# Are the vectors and tensors of SR really so?

1. Mar 20, 2013

### quasar987

By the question in the title, I mean, do the so-called 4-vectors and tensors of SR transform as tangent vectors and tensors (in the sense of differential geometry) with respect to any transformation (local diffeomorphism) of the space-time coordinates or only with respect to Lorentz transformations? Thanks!

2. Mar 20, 2013

### Fredrik

Staff Emeritus

Slightly longer: If we define the spacetime of SR as a smoth manifold, then yes, vectors like 4-velocity belong to the tangent space of the manifold, and everything you know from differential geometry can be applied to these vectors. This includes the stuff I did in this post. If the coordinate systems x and y in that calculation are global inertial coordinate systems that send the same point to 0, then the matrix with components $\Lambda^\nu{}_\mu$ is a Lorentz transformation.

Note that it also makes sense to define the spacetime of SR as a vector space. (This gives us a slightly different version of the theory in the sense that the statements that define the theory are slightly different, but the predictions the theory makes about results of experiments are the same).
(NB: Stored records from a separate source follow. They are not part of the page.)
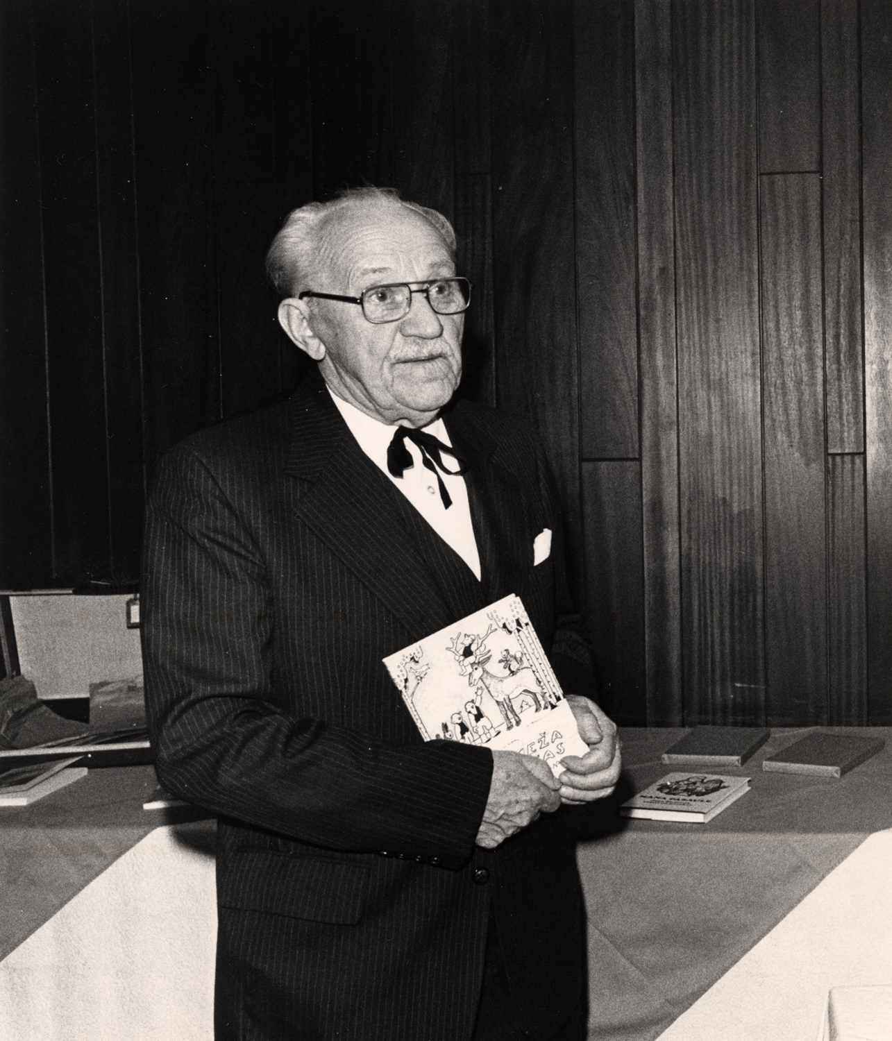 Jānis Širmanis ar grāmatu "Lielmeža pasakas". 20. gs. 80. gadu sākums.
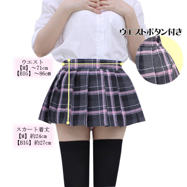 ●丈27cmの超ミニプリーツスカート●黒×グレー×ピンクのチェック柄●ウエスト〜86cmのBIGサイズ●サイドファスナー&ボタン留め●ウエスト後ろ一部ゴム仕様。
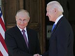 Putin smiles with Biden as the pair shake hands ahead of their highly-anticipated summit to address failing relations

Then spacetime is $\mathbb R^4$ and the vectors are members of $\mathbb R^4$ too.

3. Mar 20, 2013

### TrickyDicky

But, if you define SR in Minkowskian spacetime, then Lorentz transformations (Poincare if you include translations) are the ones that leave the manifold invariant.

4. Mar 20, 2013

### Fredrik

Staff Emeritus
Yes, they are the isometries of the metric. But the whole "transforms according to the tensor transformation law" thing doesn't really have anything to do with the metric. Unless of course you change the tensor transformation law to require that the transformation matrix is the Jacobian matrix of an isometry.

5. Mar 20, 2013

### WannabeNewton

All the same mechanisms of pullbacks and pushforwards still apply under diffeomorphisms. Remember that minkowski space is nothing more than $\mathbb{R}^{4}$ equipped with a riemannian metric but pullbacks and pushforwards don't care if there is a riemannian metric or not. The smooth structure is all we care about and in that sense we are just dealing with euclidean 4 - space.

6. Mar 20, 2013

### TrickyDicky

Just a small correction, that I know you are aware of, but just to be more precise, Minkowski is nothing more than $\mathbb{R}^{4}$ equipped with a pseudo-Riemannian (Lorentzian) metric. I know this distinction is not very important in flat spacetime, but it is when we go to GR's curved spacetime: hole argument, passive versus active transf., gauge vs not gauge...)
Also it is true that pullbacks and pushforwards each by themselves don't care if there is a Riemannian metric but it is also true that metrics give natural (musical) isomorphisms, that is, the raising and lowering of indices of tensors and vectors, IOW going back and forth from pullbacks to pushforwards.